▶ **What to do**
Down to the last line, restate the records word for word, but not the pictures.

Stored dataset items
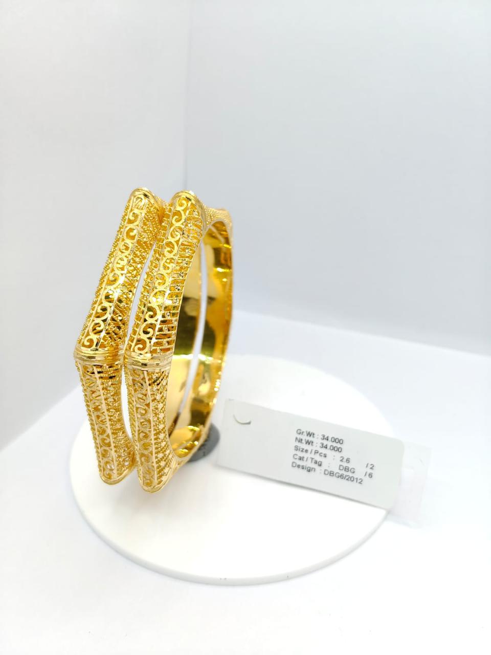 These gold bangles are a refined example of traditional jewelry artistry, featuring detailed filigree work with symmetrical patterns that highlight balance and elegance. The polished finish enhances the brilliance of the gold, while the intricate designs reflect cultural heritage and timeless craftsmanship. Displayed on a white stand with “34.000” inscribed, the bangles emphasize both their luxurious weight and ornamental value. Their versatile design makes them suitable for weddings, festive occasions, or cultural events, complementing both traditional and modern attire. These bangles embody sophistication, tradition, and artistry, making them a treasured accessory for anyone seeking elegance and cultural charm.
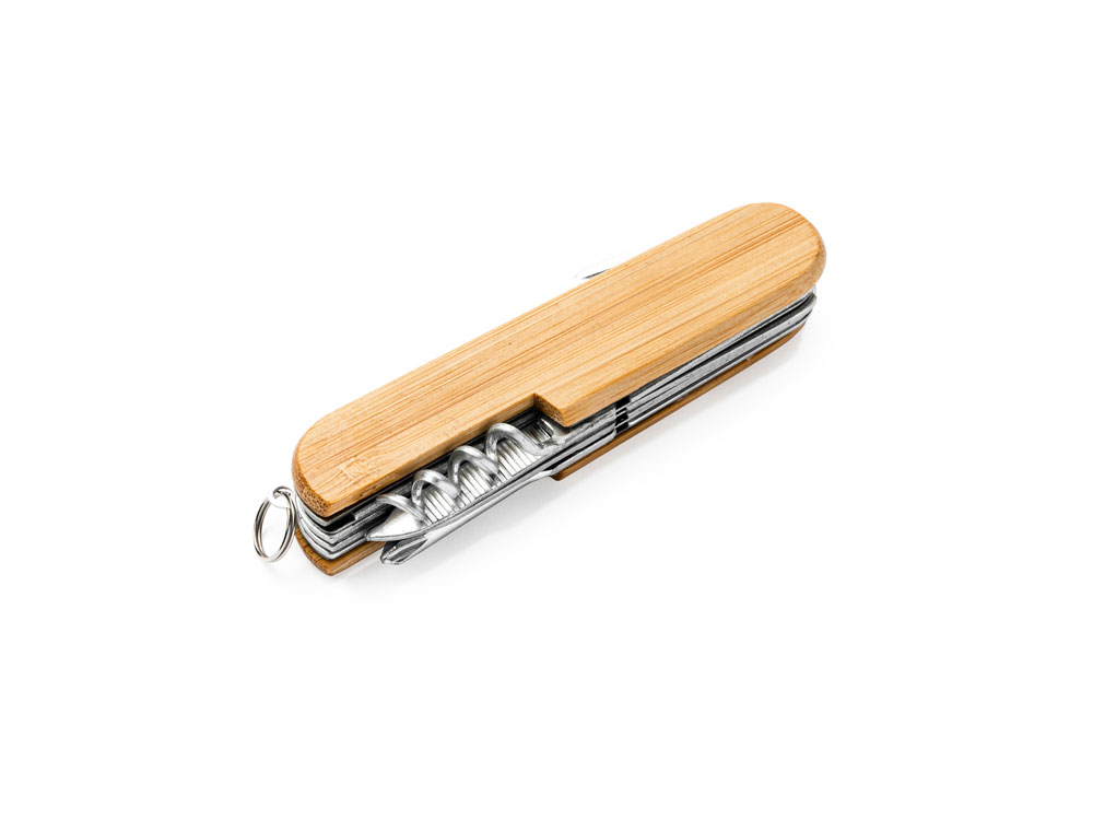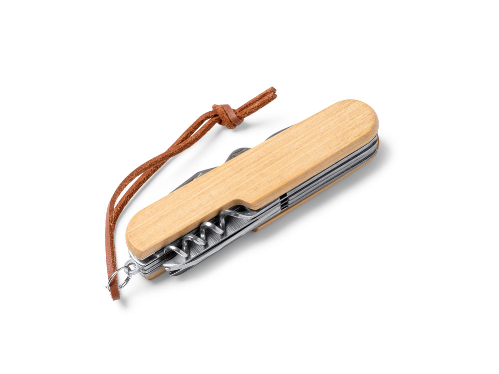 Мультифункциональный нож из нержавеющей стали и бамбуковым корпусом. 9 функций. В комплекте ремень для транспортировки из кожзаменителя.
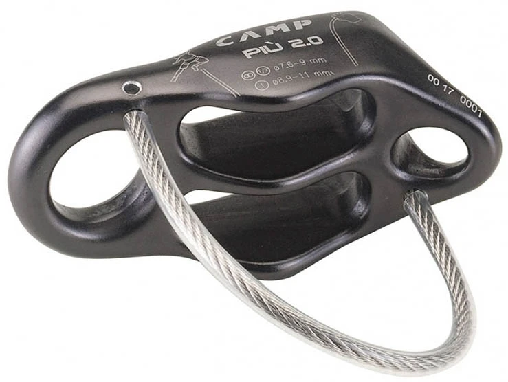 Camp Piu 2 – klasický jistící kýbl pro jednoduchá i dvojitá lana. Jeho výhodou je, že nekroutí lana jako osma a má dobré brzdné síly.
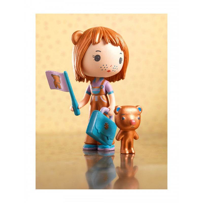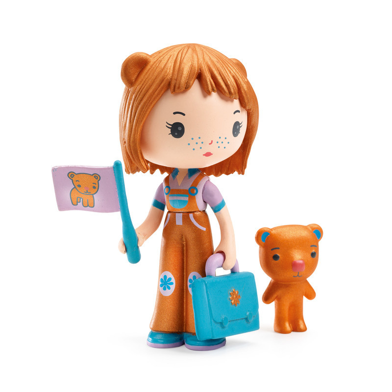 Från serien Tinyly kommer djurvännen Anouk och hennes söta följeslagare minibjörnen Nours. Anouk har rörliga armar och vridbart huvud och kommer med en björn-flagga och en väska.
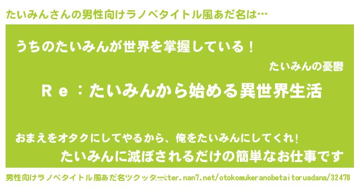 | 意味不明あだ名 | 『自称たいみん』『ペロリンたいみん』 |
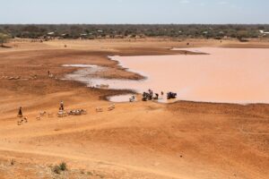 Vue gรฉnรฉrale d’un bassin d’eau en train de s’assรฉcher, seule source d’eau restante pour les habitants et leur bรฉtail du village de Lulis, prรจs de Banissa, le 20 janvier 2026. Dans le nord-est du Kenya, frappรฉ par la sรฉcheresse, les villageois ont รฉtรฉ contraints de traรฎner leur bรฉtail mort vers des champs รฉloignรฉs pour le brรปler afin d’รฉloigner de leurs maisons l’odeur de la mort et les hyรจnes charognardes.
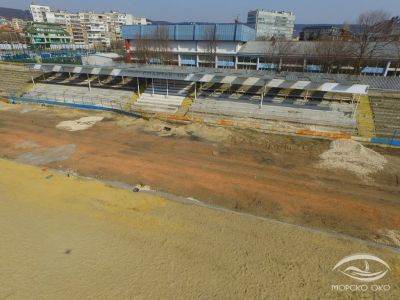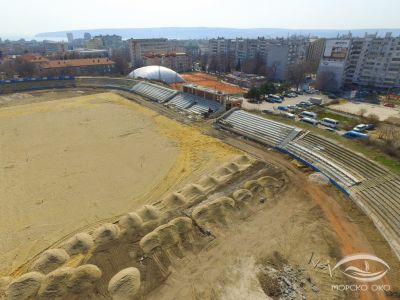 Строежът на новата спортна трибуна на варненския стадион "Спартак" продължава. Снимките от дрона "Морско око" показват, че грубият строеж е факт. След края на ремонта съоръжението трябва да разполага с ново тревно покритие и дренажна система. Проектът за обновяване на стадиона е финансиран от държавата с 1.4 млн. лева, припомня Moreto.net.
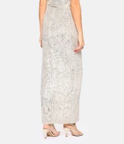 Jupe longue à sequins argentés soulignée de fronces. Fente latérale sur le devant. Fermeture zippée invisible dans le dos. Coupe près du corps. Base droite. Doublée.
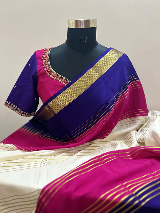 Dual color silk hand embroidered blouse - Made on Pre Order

▶ **Answer space**
 These gold bangles are a refined example of traditional jewelry artistry, featuring detailed filigree work with symmetrical patterns that highlight balance and elegance. The polished finish enhances the brilliance of the gold, while the intricate designs reflect cultural heritage and timeless craftsmanship. Displayed on a white stand with “34.000” inscribed, the bangles emphasize both their luxurious weight and ornamental value. Their versatile design makes them suitable for weddings, festive occasions, or cultural events, complementing both traditional and modern attire. These bangles embody sophistication, tradition, and artistry, making them a treasured accessory for anyone seeking elegance and cultural charm.
 Мультифункциональный нож из нержавеющей стали и бамбуковым корпусом. 9 функций. В комплекте ремень для транспортировки из кожзаменителя.
 Camp Piu 2 – klasický jistící kýbl pro jednoduchá i dvojitá lana. Jeho výhodou je, že nekroutí lana jako osma a má dobré brzdné síly.
 Från serien Tinyly kommer djurvännen Anouk och hennes söta följeslagare minibjörnen Nours. Anouk har rörliga armar och vridbart huvud och kommer med en björn-flagga och en väska.
 | 意味不明あだ名 | 『自称たいみん』『ペロリンたいみん』 |
 Vue gรฉnรฉrale d’un bassin d’eau en train de s’assรฉcher, seule source d’eau restante pour les habitants et leur bรฉtail du village de Lulis, prรจs de Banissa, le 20 janvier 2026. Dans le nord-est du Kenya, frappรฉ par la sรฉcheresse, les villageois ont รฉtรฉ contraints de traรฎner leur bรฉtail mort vers des champs รฉloignรฉs pour le brรปler afin d’รฉloigner de leurs maisons l’odeur de la mort et les hyรจnes charognardes.
 Строежът на новата спортна трибуна на варненския стадион "Спартак" продължава. Снимките от дрона "Морско око" показват, че грубият строеж е факт. След края на ремонта съоръжението трябва да разполага с ново тревно покритие и дренажна система. Проектът за обновяване на стадиона е финансиран от държавата с 1.4 млн. лева, припомня Moreto.net.
 Jupe longue à sequins argentés soulignée de fronces. Fente latérale sur le devant. Fermeture zippée invisible dans le dos. Coupe près du corps. Base droite. Doublée.
 Dual color silk hand embroidered blouse - Made on Pre Order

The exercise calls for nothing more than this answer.